## What you need to do
Transcribe the listing word for word, beginning at its first line and ending at the line containing "تعمير، نگهداري، سرويس"; omit the pictures.

## Raw data
*** Begin section ***

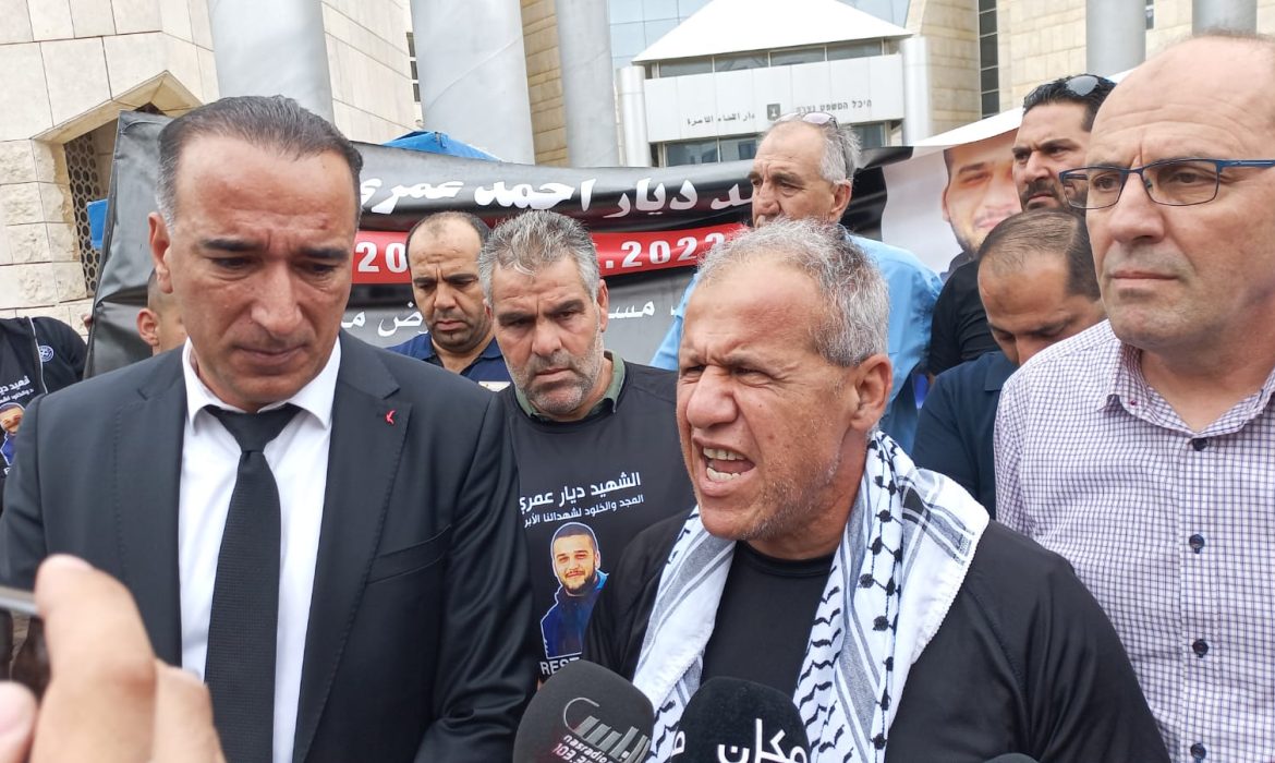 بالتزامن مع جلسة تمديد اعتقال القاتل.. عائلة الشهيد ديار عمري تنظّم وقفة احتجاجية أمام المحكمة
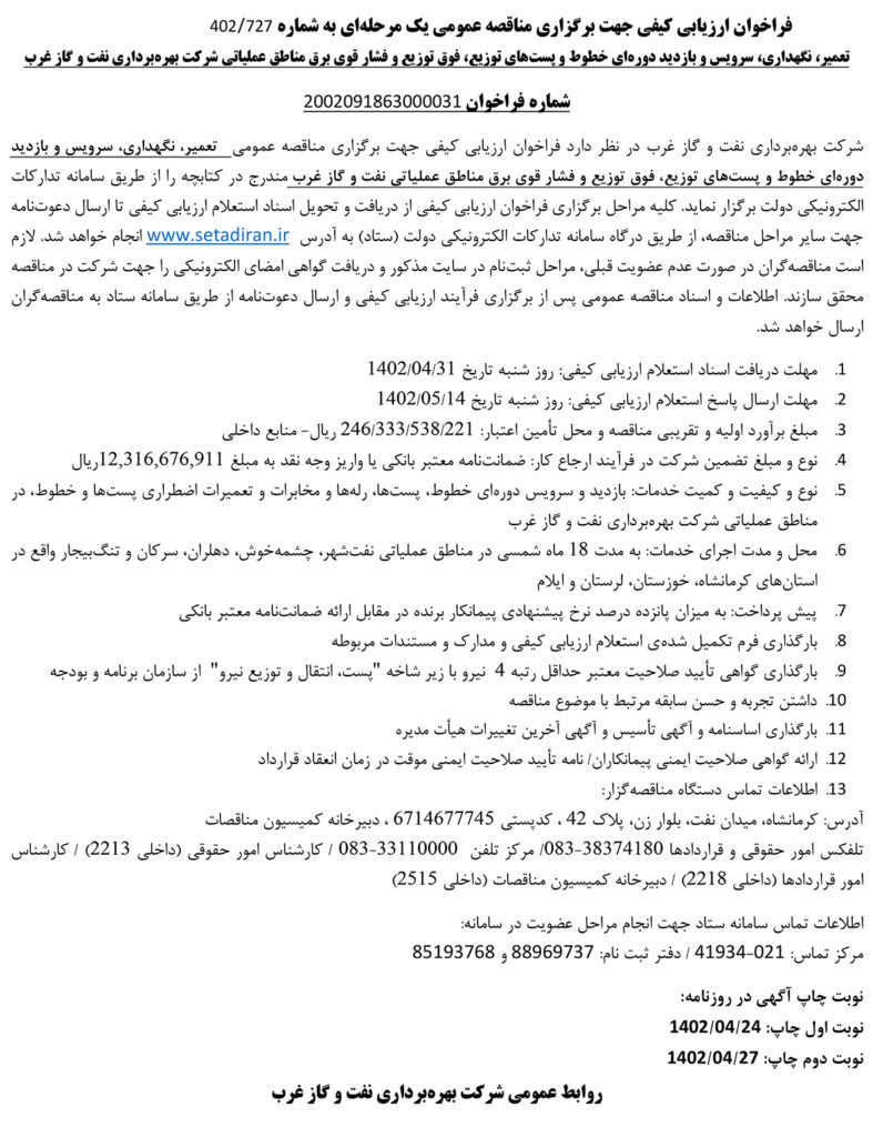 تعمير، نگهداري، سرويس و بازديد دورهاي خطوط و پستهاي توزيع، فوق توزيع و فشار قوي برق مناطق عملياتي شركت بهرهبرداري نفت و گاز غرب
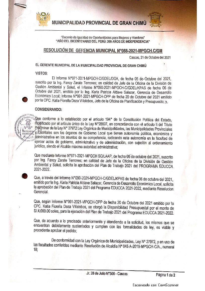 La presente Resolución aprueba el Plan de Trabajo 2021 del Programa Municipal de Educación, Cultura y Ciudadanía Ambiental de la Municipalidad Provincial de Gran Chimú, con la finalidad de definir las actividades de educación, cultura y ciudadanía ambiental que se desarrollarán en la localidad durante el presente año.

*** End section ***

## Problem solution
 بالتزامن مع جلسة تمديد اعتقال القاتل.. عائلة الشهيد ديار عمري تنظّم وقفة احتجاجية أمام المحكمة
 تعمير، نگهداري، سرويس و بازديد دورهاي خطوط و پستهاي توزيع، فوق توزيع و فشار قوي برق مناطق عملياتي شركت بهرهبرداري نفت و گاز غرب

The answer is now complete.